(TASK DATA)

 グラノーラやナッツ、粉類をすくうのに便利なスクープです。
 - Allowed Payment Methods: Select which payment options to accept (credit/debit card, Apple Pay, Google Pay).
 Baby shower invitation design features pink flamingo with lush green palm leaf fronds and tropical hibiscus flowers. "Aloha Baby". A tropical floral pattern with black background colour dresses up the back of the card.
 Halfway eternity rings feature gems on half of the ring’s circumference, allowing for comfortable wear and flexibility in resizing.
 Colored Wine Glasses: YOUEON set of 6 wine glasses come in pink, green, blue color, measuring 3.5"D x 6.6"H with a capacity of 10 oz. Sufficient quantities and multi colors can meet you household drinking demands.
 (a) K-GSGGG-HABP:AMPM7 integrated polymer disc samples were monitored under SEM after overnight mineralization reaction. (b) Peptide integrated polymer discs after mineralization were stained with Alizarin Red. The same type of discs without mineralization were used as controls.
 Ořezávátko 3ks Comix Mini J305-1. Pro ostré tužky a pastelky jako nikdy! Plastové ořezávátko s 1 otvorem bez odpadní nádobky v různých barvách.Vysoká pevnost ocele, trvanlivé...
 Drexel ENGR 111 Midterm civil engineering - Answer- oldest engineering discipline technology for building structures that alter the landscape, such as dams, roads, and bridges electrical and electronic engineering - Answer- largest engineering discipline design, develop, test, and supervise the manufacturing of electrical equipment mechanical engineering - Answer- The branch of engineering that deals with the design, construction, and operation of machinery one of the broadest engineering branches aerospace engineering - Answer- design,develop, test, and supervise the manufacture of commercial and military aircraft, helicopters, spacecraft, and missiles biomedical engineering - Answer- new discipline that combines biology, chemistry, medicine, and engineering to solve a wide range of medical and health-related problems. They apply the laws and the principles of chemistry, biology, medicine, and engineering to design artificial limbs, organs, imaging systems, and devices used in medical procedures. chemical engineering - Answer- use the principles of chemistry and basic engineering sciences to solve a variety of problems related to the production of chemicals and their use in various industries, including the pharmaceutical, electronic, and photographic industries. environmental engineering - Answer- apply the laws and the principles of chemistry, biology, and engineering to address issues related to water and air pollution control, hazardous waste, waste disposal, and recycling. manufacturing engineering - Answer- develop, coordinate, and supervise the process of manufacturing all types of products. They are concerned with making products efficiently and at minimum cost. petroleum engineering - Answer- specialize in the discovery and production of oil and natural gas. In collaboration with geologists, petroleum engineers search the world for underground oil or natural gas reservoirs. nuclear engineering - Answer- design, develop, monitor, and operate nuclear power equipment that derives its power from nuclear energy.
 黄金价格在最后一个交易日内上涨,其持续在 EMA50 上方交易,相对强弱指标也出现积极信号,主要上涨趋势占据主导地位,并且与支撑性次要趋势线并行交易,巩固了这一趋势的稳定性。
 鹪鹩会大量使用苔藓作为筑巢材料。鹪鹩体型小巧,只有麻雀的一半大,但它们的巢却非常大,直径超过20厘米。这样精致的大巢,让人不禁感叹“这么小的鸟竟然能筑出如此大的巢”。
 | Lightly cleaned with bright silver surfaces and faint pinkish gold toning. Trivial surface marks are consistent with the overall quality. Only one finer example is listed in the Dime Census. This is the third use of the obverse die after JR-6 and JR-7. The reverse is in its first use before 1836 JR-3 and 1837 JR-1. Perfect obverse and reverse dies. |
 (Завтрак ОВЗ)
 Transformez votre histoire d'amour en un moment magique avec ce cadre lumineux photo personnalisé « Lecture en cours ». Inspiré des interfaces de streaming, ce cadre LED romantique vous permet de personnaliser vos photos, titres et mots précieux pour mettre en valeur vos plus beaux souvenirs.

(End TASK DATA)

__WHAT THE EXERCISE ASKS__
Extract all of the data shown above without alteration.

__RESPONSE TO THE EXERCISE__
 グラノーラやナッツ、粉類をすくうのに便利なスクープです。
 - Allowed Payment Methods: Select which payment options to accept (credit/debit card, Apple Pay, Google Pay).
 Baby shower invitation design features pink flamingo with lush green palm leaf fronds and tropical hibiscus flowers. "Aloha Baby". A tropical floral pattern with black background colour dresses up the back of the card.
 Halfway eternity rings feature gems on half of the ring’s circumference, allowing for comfortable wear and flexibility in resizing.
 Colored Wine Glasses: YOUEON set of 6 wine glasses come in pink, green, blue color, measuring 3.5"D x 6.6"H with a capacity of 10 oz. Sufficient quantities and multi colors can meet you household drinking demands.
 (a) K-GSGGG-HABP:AMPM7 integrated polymer disc samples were monitored under SEM after overnight mineralization reaction. (b) Peptide integrated polymer discs after mineralization were stained with Alizarin Red. The same type of discs without mineralization were used as controls.
 Ořezávátko 3ks Comix Mini J305-1. Pro ostré tužky a pastelky jako nikdy! Plastové ořezávátko s 1 otvorem bez odpadní nádobky v různých barvách.Vysoká pevnost ocele, trvanlivé...
 Drexel ENGR 111 Midterm civil engineering - Answer- oldest engineering discipline technology for building structures that alter the landscape, such as dams, roads, and bridges electrical and electronic engineering - Answer- largest engineering discipline design, develop, test, and supervise the manufacturing of electrical equipment mechanical engineering - Answer- The branch of engineering that deals with the design, construction, and operation of machinery one of the broadest engineering branches aerospace engineering - Answer- design,develop, test, and supervise the manufacture of commercial and military aircraft, helicopters, spacecraft, and missiles biomedical engineering - Answer- new discipline that combines biology, chemistry, medicine, and engineering to solve a wide range of medical and health-related problems. They apply the laws and the principles of chemistry, biology, medicine, and engineering to design artificial limbs, organs, imaging systems, and devices used in medical procedures. chemical engineering - Answer- use the principles of chemistry and basic engineering sciences to solve a variety of problems related to the production of chemicals and their use in various industries, including the pharmaceutical, electronic, and photographic industries. environmental engineering - Answer- apply the laws and the principles of chemistry, biology, and engineering to address issues related to water and air pollution control, hazardous waste, waste disposal, and recycling. manufacturing engineering - Answer- develop, coordinate, and supervise the process of manufacturing all types of products. They are concerned with making products efficiently and at minimum cost. petroleum engineering - Answer- specialize in the discovery and production of oil and natural gas. In collaboration with geologists, petroleum engineers search the world for underground oil or natural gas reservoirs. nuclear engineering - Answer- design, develop, monitor, and operate nuclear power equipment that derives its power from nuclear energy.
 黄金价格在最后一个交易日内上涨,其持续在 EMA50 上方交易,相对强弱指标也出现积极信号,主要上涨趋势占据主导地位,并且与支撑性次要趋势线并行交易,巩固了这一趋势的稳定性。
 鹪鹩会大量使用苔藓作为筑巢材料。鹪鹩体型小巧,只有麻雀的一半大,但它们的巢却非常大,直径超过20厘米。这样精致的大巢,让人不禁感叹“这么小的鸟竟然能筑出如此大的巢”。
 | Lightly cleaned with bright silver surfaces and faint pinkish gold toning. Trivial surface marks are consistent with the overall quality. Only one finer example is listed in the Dime Census. This is the third use of the obverse die after JR-6 and JR-7. The reverse is in its first use before 1836 JR-3 and 1837 JR-1. Perfect obverse and reverse dies. |
 (Завтрак ОВЗ)
 Transformez votre histoire d'amour en un moment magique avec ce cadre lumineux photo personnalisé « Lecture en cours ». Inspiré des interfaces de streaming, ce cadre LED romantique vous permet de personnaliser vos photos, titres et mots précieux pour mettre en valeur vos plus beaux souvenirs.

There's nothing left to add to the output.